Schultze, großartig verkörpert von Horst Krause, beißt in die rohe Zwiebel – der Anblick allein treibt einem Tränen in die Augen. Doch er tut es, als ob es ein Apfel wäre. Nicht einmal zwinkern muss er. Kann man noch freud­loser essen? An dieser Stelle bekam ich echte Zweifel, ob die Geschichte noch gut ausgeht. Doch das tut sie, zwar nicht wegen des Essens, sondern wegen der Musik, aber das ist egal. Die Antwort auf die Frage „Welcher Film hat die beste Zwiebelszene im deutschsprachigen Kino?“ kann nur heißen: Schultze gets the Blues.

Die Szene ist mir sofort in den Sinn gekommen, als ich nach meinen liebsten Zwiebeln gefragt wurde, und das von vielen Seiten – nachdem der Gärtner im Freitag vom 18.11. Schönheiten unter den Blumenzwiebeln vorgestellt hatte. Wobei die Metzgerszwiebel zwar kugelrund ist und symmetrisch gebaut, also den gängigen Schönheitsidealen genügt, aber in der Küche kommt es auf innere Werte an. Und da gilt für dieses Ungetüm: viel Wasser, wenig Geschmack.

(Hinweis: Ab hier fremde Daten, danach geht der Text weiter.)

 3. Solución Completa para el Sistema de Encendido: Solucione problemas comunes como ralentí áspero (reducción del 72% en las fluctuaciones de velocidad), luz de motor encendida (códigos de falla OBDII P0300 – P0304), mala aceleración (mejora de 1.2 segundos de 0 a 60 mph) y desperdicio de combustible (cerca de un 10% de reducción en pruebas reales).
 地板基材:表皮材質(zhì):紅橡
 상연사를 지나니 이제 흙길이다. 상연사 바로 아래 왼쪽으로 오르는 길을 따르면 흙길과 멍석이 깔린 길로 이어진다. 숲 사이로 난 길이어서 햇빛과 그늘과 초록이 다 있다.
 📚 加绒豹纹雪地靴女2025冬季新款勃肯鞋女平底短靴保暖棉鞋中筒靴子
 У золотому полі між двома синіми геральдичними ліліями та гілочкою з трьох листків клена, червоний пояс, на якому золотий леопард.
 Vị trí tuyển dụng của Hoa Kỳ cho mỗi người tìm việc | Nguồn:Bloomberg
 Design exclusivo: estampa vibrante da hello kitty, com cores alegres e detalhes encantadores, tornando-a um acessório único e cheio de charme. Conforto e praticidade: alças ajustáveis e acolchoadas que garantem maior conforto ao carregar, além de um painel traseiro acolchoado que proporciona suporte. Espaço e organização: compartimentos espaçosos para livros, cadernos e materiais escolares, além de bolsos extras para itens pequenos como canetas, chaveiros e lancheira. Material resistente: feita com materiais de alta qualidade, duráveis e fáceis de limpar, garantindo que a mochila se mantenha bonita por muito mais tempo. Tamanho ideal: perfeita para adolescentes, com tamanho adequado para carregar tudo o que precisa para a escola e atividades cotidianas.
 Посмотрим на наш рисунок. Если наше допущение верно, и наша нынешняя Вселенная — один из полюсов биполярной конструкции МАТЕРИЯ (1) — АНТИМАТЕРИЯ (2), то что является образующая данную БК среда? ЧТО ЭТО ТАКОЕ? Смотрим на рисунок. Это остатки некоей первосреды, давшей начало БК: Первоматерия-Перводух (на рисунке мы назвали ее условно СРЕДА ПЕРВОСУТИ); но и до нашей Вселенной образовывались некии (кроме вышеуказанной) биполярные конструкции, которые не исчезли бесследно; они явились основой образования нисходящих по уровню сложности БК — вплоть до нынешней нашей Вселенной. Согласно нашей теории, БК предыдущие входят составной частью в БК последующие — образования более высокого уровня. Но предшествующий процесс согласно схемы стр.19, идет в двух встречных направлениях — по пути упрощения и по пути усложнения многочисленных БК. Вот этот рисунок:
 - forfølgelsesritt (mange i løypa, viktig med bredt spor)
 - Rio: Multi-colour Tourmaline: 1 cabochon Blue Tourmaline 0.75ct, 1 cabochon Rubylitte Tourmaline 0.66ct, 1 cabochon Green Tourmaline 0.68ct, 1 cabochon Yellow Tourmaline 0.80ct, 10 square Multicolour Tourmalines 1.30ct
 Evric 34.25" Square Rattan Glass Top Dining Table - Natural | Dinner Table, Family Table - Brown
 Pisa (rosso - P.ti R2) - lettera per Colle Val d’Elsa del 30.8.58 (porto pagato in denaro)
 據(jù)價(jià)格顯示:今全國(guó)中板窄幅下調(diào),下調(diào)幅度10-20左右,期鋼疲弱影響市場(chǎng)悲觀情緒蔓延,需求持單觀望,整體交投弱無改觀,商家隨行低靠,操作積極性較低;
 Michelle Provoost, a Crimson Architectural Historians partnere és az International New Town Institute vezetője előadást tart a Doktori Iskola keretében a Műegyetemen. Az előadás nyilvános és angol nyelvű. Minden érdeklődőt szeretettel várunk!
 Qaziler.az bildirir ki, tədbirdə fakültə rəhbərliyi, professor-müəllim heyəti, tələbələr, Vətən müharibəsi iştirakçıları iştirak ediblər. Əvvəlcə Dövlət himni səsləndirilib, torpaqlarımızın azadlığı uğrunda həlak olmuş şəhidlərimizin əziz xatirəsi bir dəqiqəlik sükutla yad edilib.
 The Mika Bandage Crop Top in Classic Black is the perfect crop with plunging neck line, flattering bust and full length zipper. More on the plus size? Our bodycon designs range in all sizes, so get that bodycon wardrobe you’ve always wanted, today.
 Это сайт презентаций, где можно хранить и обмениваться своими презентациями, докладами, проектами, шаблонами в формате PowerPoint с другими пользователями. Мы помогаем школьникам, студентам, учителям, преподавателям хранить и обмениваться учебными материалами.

Doch so viel Schultze steckt in mir: Ich verwende nur Zwiebeln, die mir auch roh schmecken. Rote Zwiebeln etwa sind etwas süßlicher als die Gemüsezwiebeln. Hauchdünn aufgeschnitten geben Sie mit Orangenspalten (im Winter) wie mit Tomaten (im Sommer) einen schnellen, leckeren Salat. Und wie Zwiebelstreifen das Bratfett in einer Pfanne mit Bratwürsten aufsaugen. Noch mit einem Schuss Rotwein abgelöscht, ein großer Klecks Senf dazu, und diese geschmorten Zwiebeln spielen die Bratwürste an den Tellerrand, vor allem wenn es rote sind. Sie sind für mich auch die Alternative zu Schalotten, diesen kleinen Luxusexemplaren. Sie schmecken ganz exquisit, haben ein inten­sives und doch nicht scharfes Zwiebelaroma – sicher, aber das Häuten ist mir oft zu kompliziert. Es gibt zwar einen tollen Trick: Werden Schalotten vor dem Pellen kurz blanchiert, funktioniert das Abziehen der Haut viel einfacher. Aber ehrlich, es ist doch eine ziemliche Arbeit.
gegen im Kühlschrank nie fehlen darf – ich neige zu nervösen Schweißausbrüchen, wenn ich keine mehr entdecke –, sind Frühlingszwiebeln. In Berlin sagt man auch Schluppen, aber eigentlich heißen sie Winter­zwiebeln. Seit September gibt es sie wieder als ganz frische, feine Bünde bei meinem Gemüsehändler. Ich muss sie nur waschen und das Wurzelgeflecht abschneiden. Es sind meine absoluten Favoriten. Ich verwende sie viel und dann roh. Sie kitzeln den Gaumen wach.

Von der grünen Spitze bis zum weißen Ende stecken ganz unterschiedliche Aromen darin. In Wuchsrichtung: Zwiebel, Schnittlauch, Knoblauch – so in etwa. Das Grüne macht sich kleingehackt prächtig auf dem Butterbrot. Die weißen Köpfe, ein wenig in der Pfanne angebräunt, sind eine feine Gemüsebeilage.

Das Gemüse so differenziert zu betrachten, darauf haben mich asiatische Rezepte gebracht. In dieser Küche fehlt die Frühlingszwiebel selten. Auf Nudeln sind sie das, was in Italien der Parmesan ist. David Chang, ein koreanischer Koch in New York und Besitzer mehrerer Restaurants, mariniert Frühlingszwiebeln mit Essig, Sojasauce, Ingwer und Öl.

Hier das genaue Rezept für

Ginger Scallion Noodles:

2,5 Tassen dünn geschnittene Frühlingszwiebeln (entspricht etwa einem Bund)
1/2 Tasse fein gehackter Ingwer (messen sie die Länge ihres kleinen Fingers ab, das passt)
1/4 Tasse Traubenkernöl oder anderes neutrales Öl wie Distelöl, Sonnenblume geht auch
1,5 TL Sojasauce (helle, wenn Sie haben)
1 TL Weißwein- oder Sherry-Essig
1 gestrichenen TL Salz

Alle Zutaten werden zusammengerührt, dieses asiatische Pesto kann dann sorfort weiterverwendet werden, schmeckt aber am besten, wenn man 15 bis 20 Minuten wartet. Sie hält sich im Kühlschrank ein bis zwei Tage.

Unter Spaghetti gehoben gibt das ein ganz einfaches Essen, das aber alles andere als freudlos schmeckt.